Excluding data towards RDV that has no business value

Hi all,

I’m struggling with the decision to exclude data with no business value when loading the Raw Data Vault. After all, we should be able to recreate the source file from an auditability POV… Which is why I also try to follow the rule of DV of bringing in all columns.

But what if I will never ever use the data?

I have a source that contains parties and their ‘communication methods’. The business is really only interested in the official method (indicated by a ‘type’ field), and doesn’t care for any of the others (like preferred, emergency, whatever). The volumes are pretty high though so performance-wise I would really benefit from not having to load them (and I can also simplify the model a bit).

When can we actually speak of there being ‘no business value’?

Hi Frank,

If you really don’t want to load them, what is stopping you from excluding the attributes now and if needed in the future, load into a new satellite? Or consider satellite splitting - no idea if the rate of change etc is different but it make sense to satellite split anyway - it may reduce the noise of new satellite versions.

You could potentially exclude from the hashdiff so that they don’t drive lots of new versioned records until an attribute of interest that is hashdiff tracked changes. But you get lack of awareness of when those attributes do change at source unless something of importance changes.

The latter seems the least good option to me. Unless it is really impacting performance (and storage is cheap, right? and you’re using templated load processes too, right?) is it really an issue? Why not just load the attributes as you never know if the business may change their mind in the future about their importance…

I think it boils down to me wanting to read some articles on the need of being able to recreate the source… what are the starting points, assumptions, scenarios, exceptions, etcetera.

In my case, I source from a persistent staging area built/managed by an entirely different team. It contains full snapshots. So indeed, if I decide to not load specific columns (or rows for that matter) right now, I can always decide to load those at a later point in time. And since my source is a delivery system in itself, and not the actual source, I have no idea what (if any) rules are already being applied in-between.

At this point it is impacting performance, because we have to do a historical load that goes back until 2010, meaning I can choose between loading 50 billion records with 200 columns and 5 billion records with 10 columns… and I prefer the latter :wink:

I guess it depends, satellite splitting would chuck all those other columns into their own satellite but then you’re taking the cost of running those updates.
At the same time, that other data could have other value, for instance, since it’s loading to a raw area then this could serve as a base for data discovery and exploratory exercises and feed a business vault satellite that is the result of running feature engineering tasks.

The non-business data should probably be ignored though, metadata columns tells us more about how the source system is functioning than how the business is functioning

As for not including attributes you’re tracking in the hashdiff, think about it, that’s a terrible idea.

Hey, Frenk, I thought I should probably weigh in here, so excuse the interruption.
I want to correct your statement of “follow the rule of DV of bringing in all columns.” There is no Data Vault standard (or rule) that states you must bring in all columns.
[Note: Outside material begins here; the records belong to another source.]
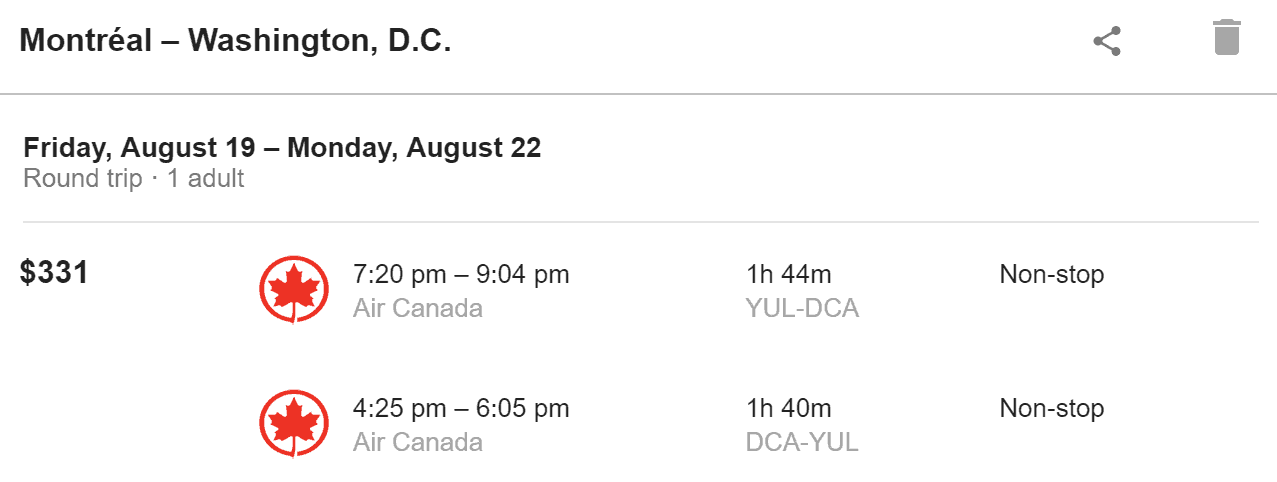 Nous vous conseillons donc de voyager sur Air Canada vers DCA pour une fin de semaine. Voici par exemple un billet sur Aéroplan au tarif de 15 000 milles et 195$ de taxes.
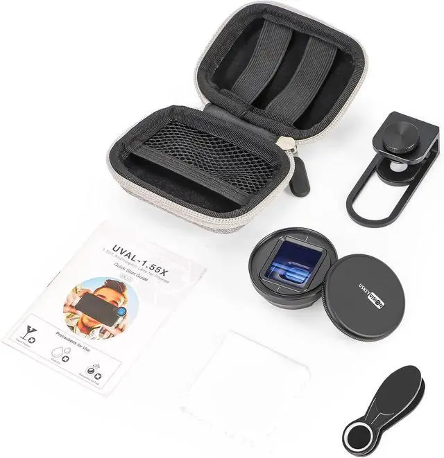 Get: 1x 1.55X Anamorphic Lens (including 2 lens covers), 1x Universal phone clip, 1x Metal phone clip, 1x Storage Case, 1x Cleaning Cloth, 1x User Manual.
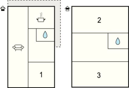 Totalt sex sängplatser varav två dubbelsängar och två enkelsängar.
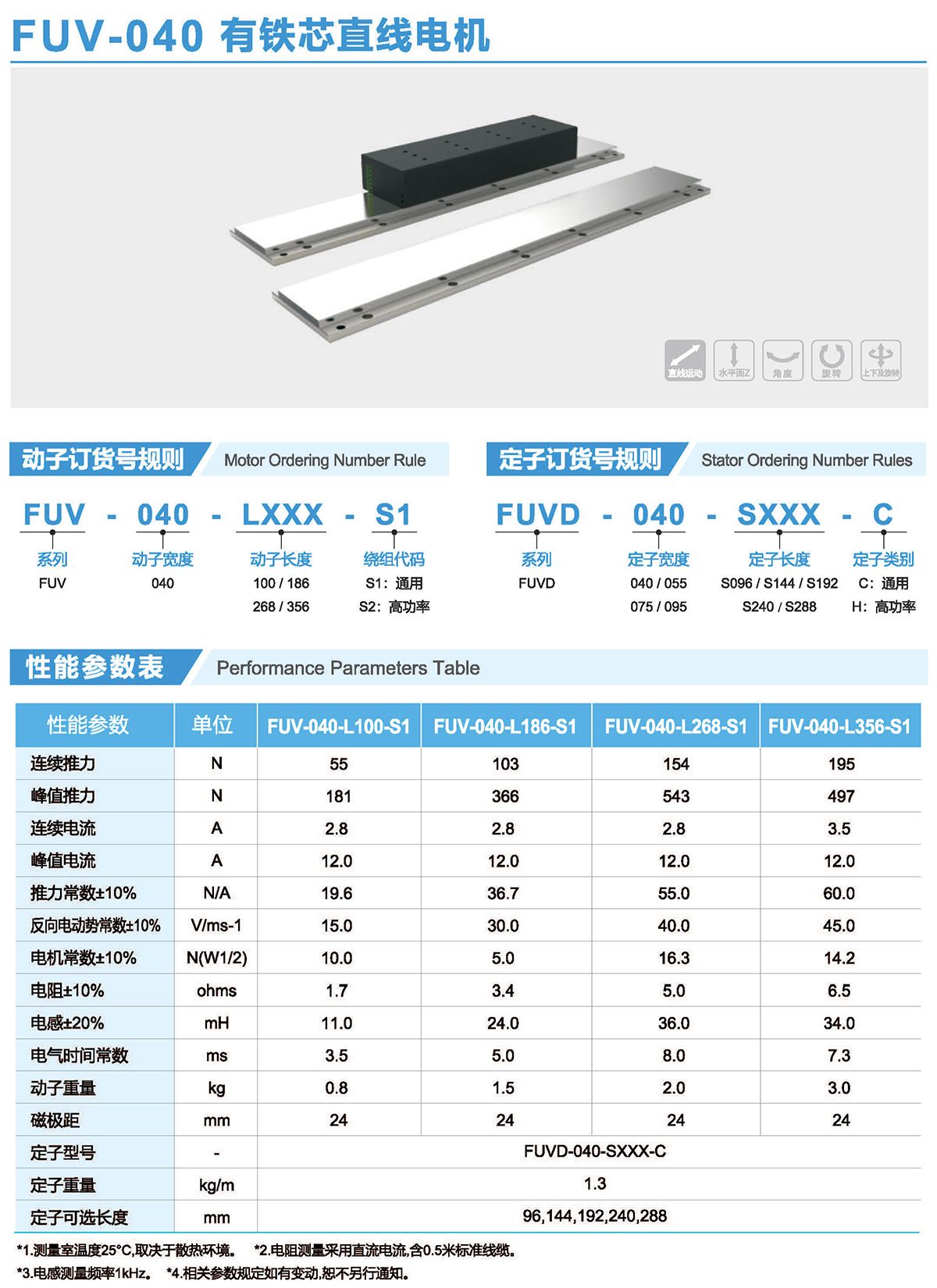 FUV系列有鐵芯電機(jī)提供了單位體積最大出力,采用了極佳的抗齒槽效應(yīng)的解決方案,最大限度的降低齒槽效應(yīng),他們外形尺寸小,吸力低,推力高,廣泛應(yīng)用于高精度高速度智能裝備領(lǐng)域。
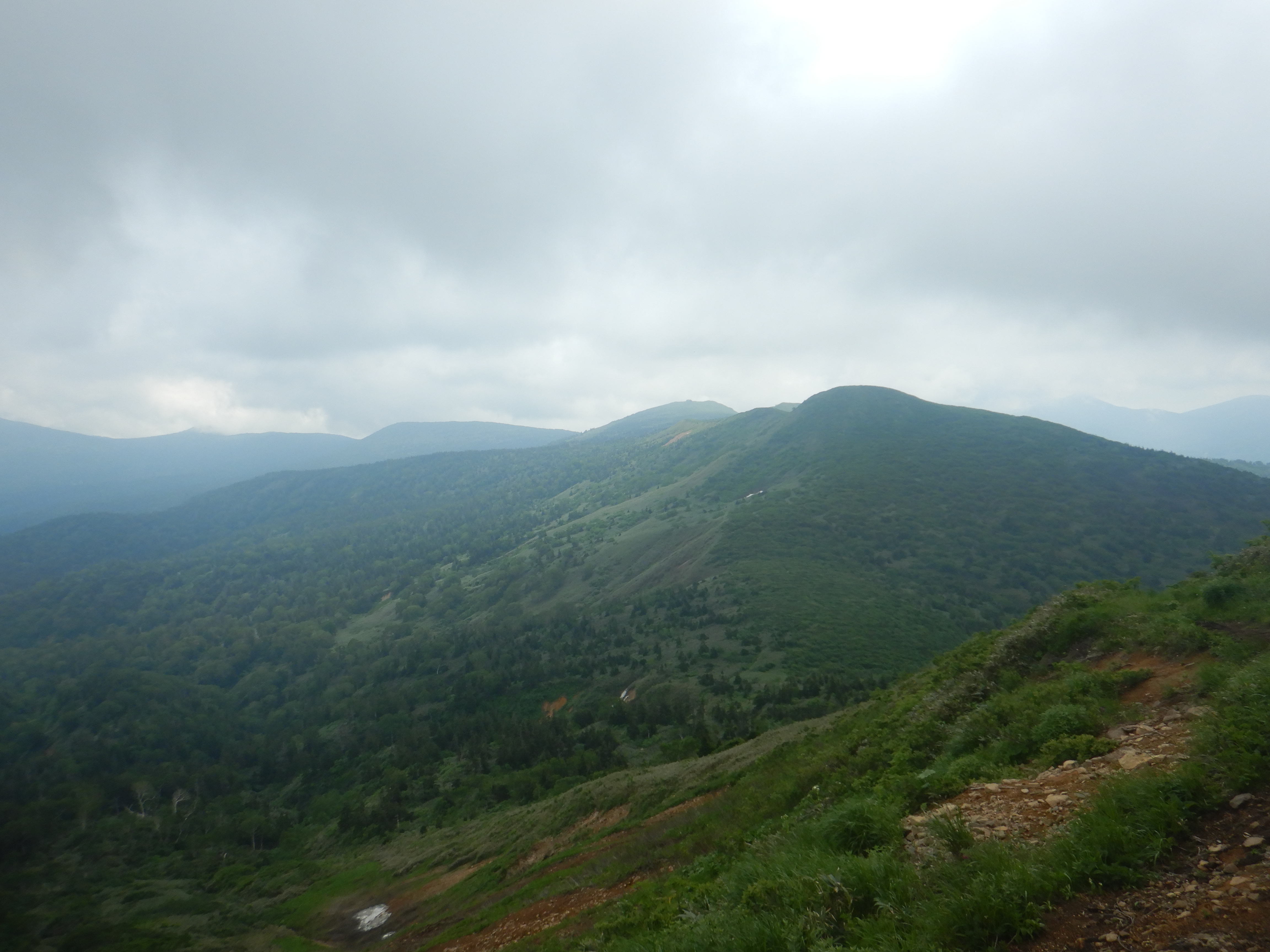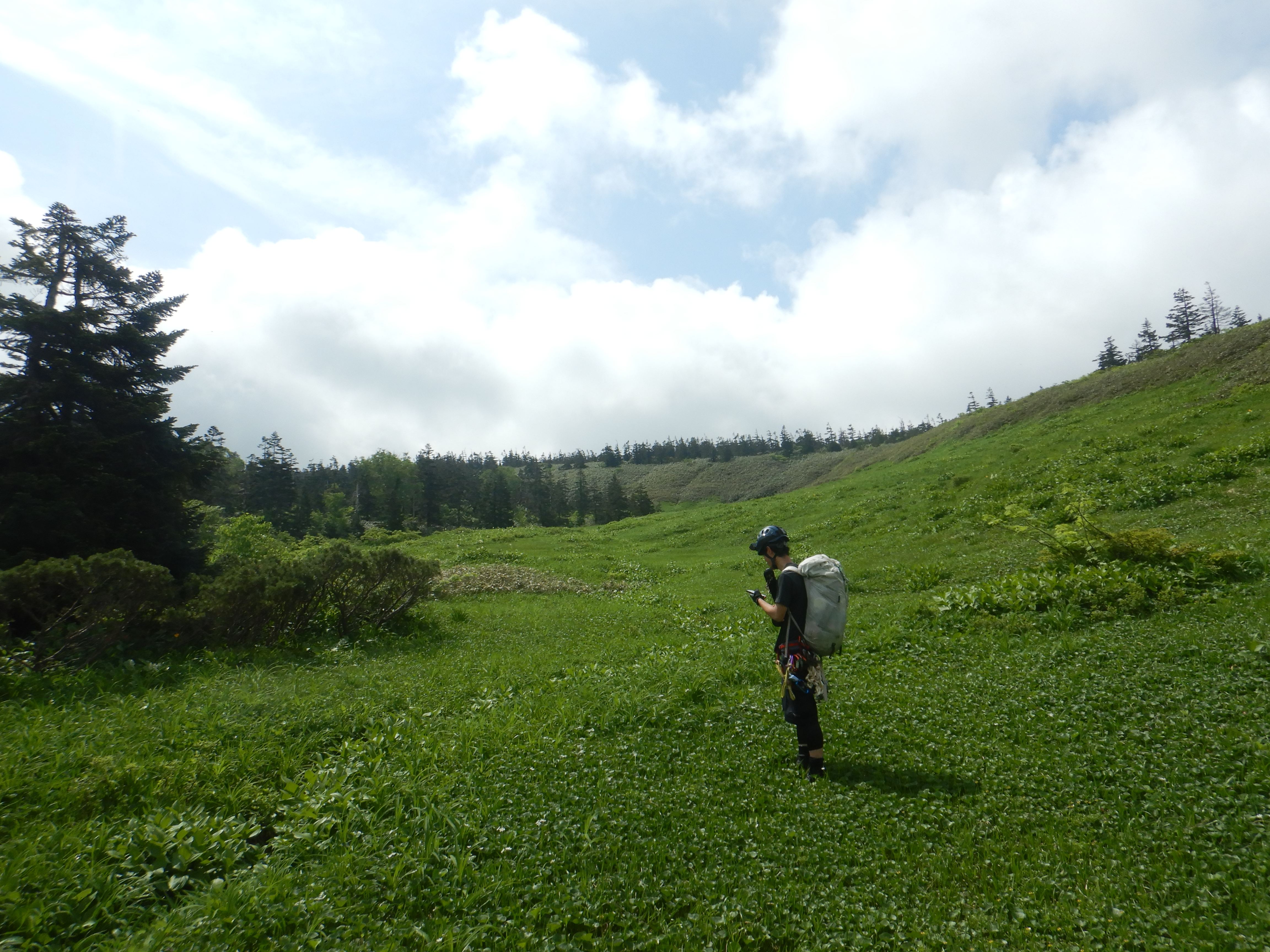 草原でまったり。ここから超高密度の藪を漕いで登山道に出た。

What Dan actually said, and what the internet sources and many others often misquote, is that in DV you load “100% of the data, 100% of the time, WITHIN SCOPE”. Many developers and even practitioners leave off the “WITHIN SCOPE”. That’s where your struggle lies.

My general observation here is that if you are extracting the data into the raw vault from a persistent staging area (PSA), and you can guarantee that the data in that PSA will be available to your DV team should you require it, then only bring in what is in scope. Make sure that you only compute the hashdiff in the satellite from the actual data elements or attributes that you are loading into the satellite (plus any of the DV system elements that you may be using, such as a business key collision code and/or a multi-tenant identifier). This ensures that you will only insert satellite records whenever a change occurs in the data set represented in the satellite. Nothing more, nothing less.

If you need other aspects of the PSA data set that wasn’t loaded in this initial effort, then they may be added at a later date. As was pointed out in earlier responses, you can create one or more additional satellites to hold the “missing” descriptive data when you need it. Each of these new satellites will have a hashdiff column whose value is computed using a completely different set of source or PSA data elements.

The question is, when do you want to pay the piper for computing the hash diffs for these satellites? One thing to think about is, how much more does it cost you to compute the hash diffs on 50 billion records NOW versus loading 5 billion records? What is the velocity of the data growth? What happens when, not if, the business asks for more descriptive data (because you know they will)?

If the data volume is growing at a persistent rate, you can calculate a reasonable estimate of the data volume 6 months from now. What will the cost be to ingest the additional columns and compute the new hash diff for the new satellite in 6 months from now? You are hedging a bet that the business either won’t ask for the data you’re excluding or that you can better handle the volume in 6 months.

These are just a few of the factors that the team must consider when evaluating the missing piece of the quote. In short, this is part of what factors into the decision of what is “in scope” and what is not. “In scope” is not restricted to “what the business is asking for today” when it comes to loading data into the raw vault. “Within scope” depends on any number of business and infrastructure (or technical) considerations.

I hope that his was somewhat helpful.

Respectfully,
Cindi Meyersohn, DataRebels
Certified Data Vault 2.0 Instructor

Hi Cindi,

don’t mind the interruption, in fact, it was more than welcome! Many thanks for your elaborate response!

Adding the “within scope” makes all the difference here. And indeed, having the PSA around gives me a lot of flexibility.

I’ll go and have some additional talks with the business and after that, decide whether I want to pay the piper now or postpone it (and hope that I don’t ever have to ;))

Cheers!

Frenk,
Precisely the correct answer, “I’ll go and have some additional talks with the business …”!
Best regards,
Cindi